The lock-in was scheduled to begin with ice-breakers and devotional time, followed by crafts, movies and games.

“As a middle-schooler, I really looked up to the high-schoolers a lot, and I didn’t really get connections with them,” said Greencastle, Pa., resident Brooke Morgan, a 15-year-old 10th-grader. “Now that I’m a high-schooler, it’s really nice to make connections with the middle-school girls and help them grow.”

Keshia Harney,16, said she came up with the idea for the project with fellow student Camille Sprecher. They drafted and sent out letters to the high school girls inviting them to commit to the project.

Harney, an 11th-grader from Hagerstown, said she drew some of her ideas from personal experiences.

“I was really isolated, dark, and twisty in middle school, and I saw a lot of that in some of the other girls,” she said. “I wanted to help them understand that they’re amazing, and they’re beautiful.”

She said that she has been humbled by the success of the project so far.

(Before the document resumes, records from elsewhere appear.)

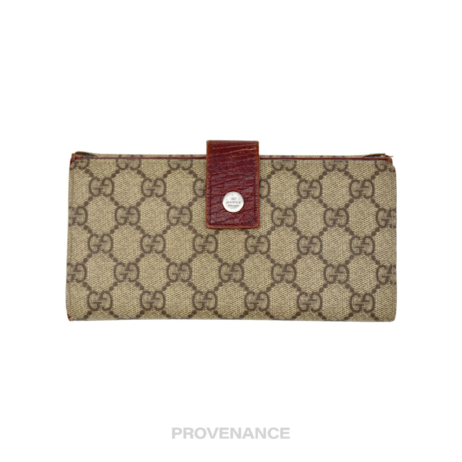 Gucci Long Wallet - GG Supreme Red 100% Authentic - Money Back Guarantee Condition Notes: some signs of cosmetic wear some corner wear - 6 card slots - 2 utility compartment - 1 snap slot - Tonal leather lining FREE EXPRESS SHIPPING SHIPS WITHIN 24HR. HASSLE-FREE RETURNS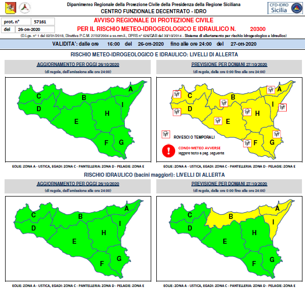 Il Dipartimento Regionale della Protezione Civile della Presidenza della Regione Siciliana ha diffuso un avviso per il rischio meteo-idrogeologico ed idraulico, valido fino alle 24 di domani. Il livello di allerta e’ di colore giallo. Lo rende noto il comune di Agrigento. In particolare, “dalle prime ore di domani, e per le successive 24-36 ore, si prevedono precipitazioni, a prevalente carattere di rovescio o temporale. I fenomeni saranno accompagnati da rovesci di forte intensita’, frequente attivita’ elettrica, locali grandinate e forti raffiche di vento.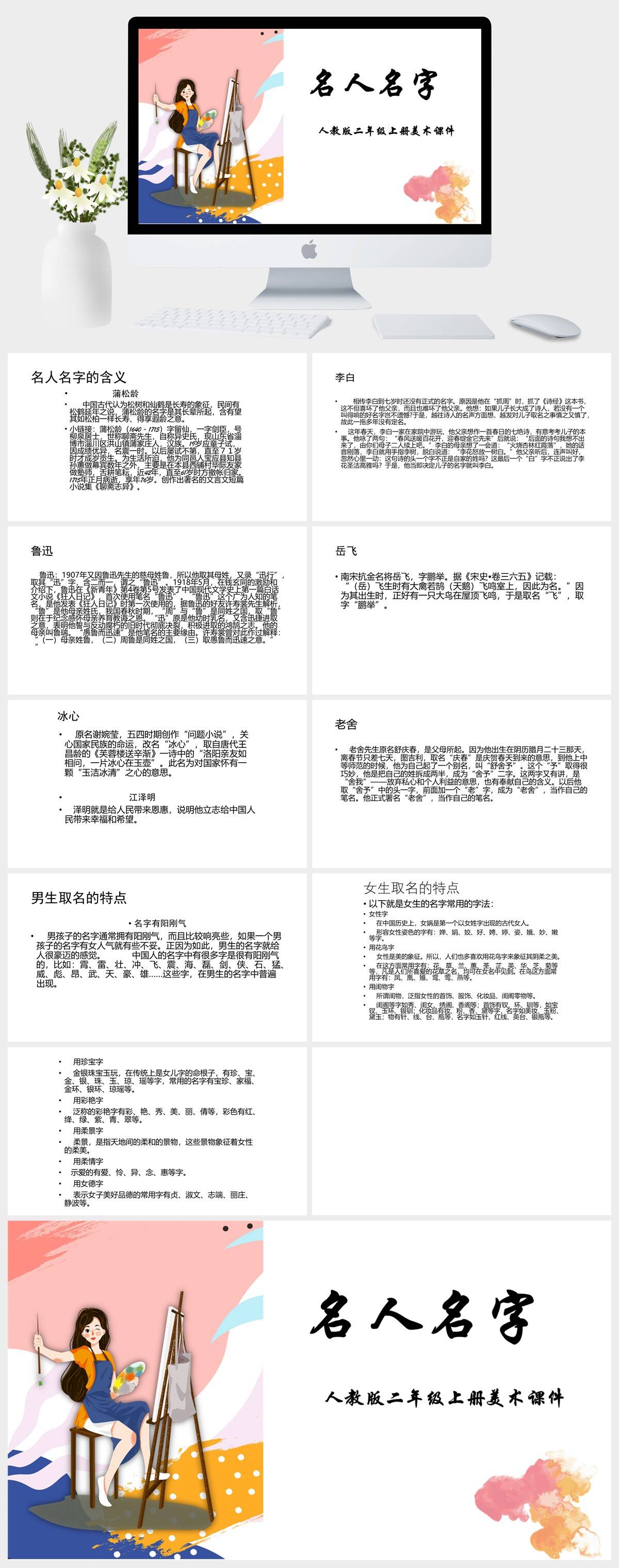 HKMS1890-人教版二年级上册美术《名人名字》课件PPT模板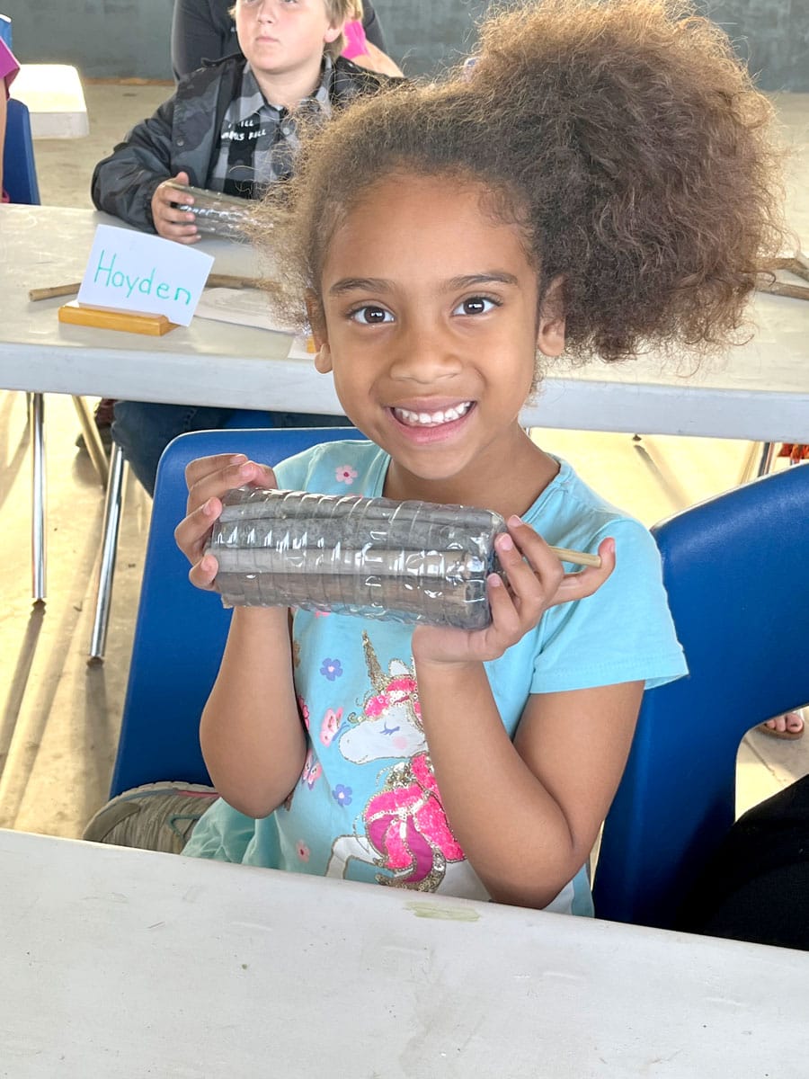 Faith Richards holds a pollinator habitat created during the program.

“We just had a little project that we wanted to do, and it turned into something that it really big,” she said. “We’re hoping to branch out to some of the other schools nearby soon.”

Twenty-two high school girls at the school have committed to taking part in the project, according to the school’s guidance counselor, Katie Fick.

Fick has helped Harney and Sprecher organize the project. She said they have been interns for her this semester and thought of the project back in February.

“To see the leaders genuinely be excited about talking to the girls and being nice has been sweet,” Fick said. “The administration has been really excited about it, and they’re super supportive.”

She said that the project has not had problems with girls separating themselves into groups.

“All of that stuff that typically sets up the cliques, the project has kind of smushed those boundaries,” Fick said. “As a guidance counselor, you can’t ask for any more than to see a bunch of people tear down that cliquish stuff that you get.”

The first meeting among the mentors was Tuesday, Feb. 21. A luncheon on March 9 was then held in the gym of the school to jump-start the project.

Other events have included an Easter Pizza Lunch on April 5,  Friday’s lock-in, and a lunch check-in on April 27.

“The project really encourages you to do the right thing, and they’re really helpful with advice,” said Hagerstown resident Hannah Colvin, a 12-year-old seventh-grader. “I’ve never grown up with an older sister, so it’s nice to have older girls to look up to.”

Donations from churches, businesses, parents, and the staff have helped the project pay for things so far, Fick said.

Sprecher and Harney even drafted letters to send out to local businesses explaining the project and inviting them to help.

Greencastle resident Rebecca House, a 16-year-old 11th grader, said she wanted to help with the project because she struggled with personal beauty at one point.

“If someone had told me when I was in middle school that I was beautiful, I probably wouldn’t have believed them,” she said. “These girls just need to know that they are beautiful the way that they are.”

Eventually, Fick said she plans for the mentors to work with a specific group of girls to help them build stronger relationships.

Hagerstown resident Emma Stonestreet, 14, said that the relationships will help the girls.

“I didn’t really have many friends when I first came here,” said Stonestreet, a ninth-grader. “I really feel like helping these girls would get them through their middle-school years.”

Hagerstown resident Allie Cox, a 16-year-old 10th grader, said that middle-school kids seem to be more unhappy now than when she was in middle school.

“I think more people in middle school are OK with sadness,” she said. “They need more mentoring, and people to help them out.”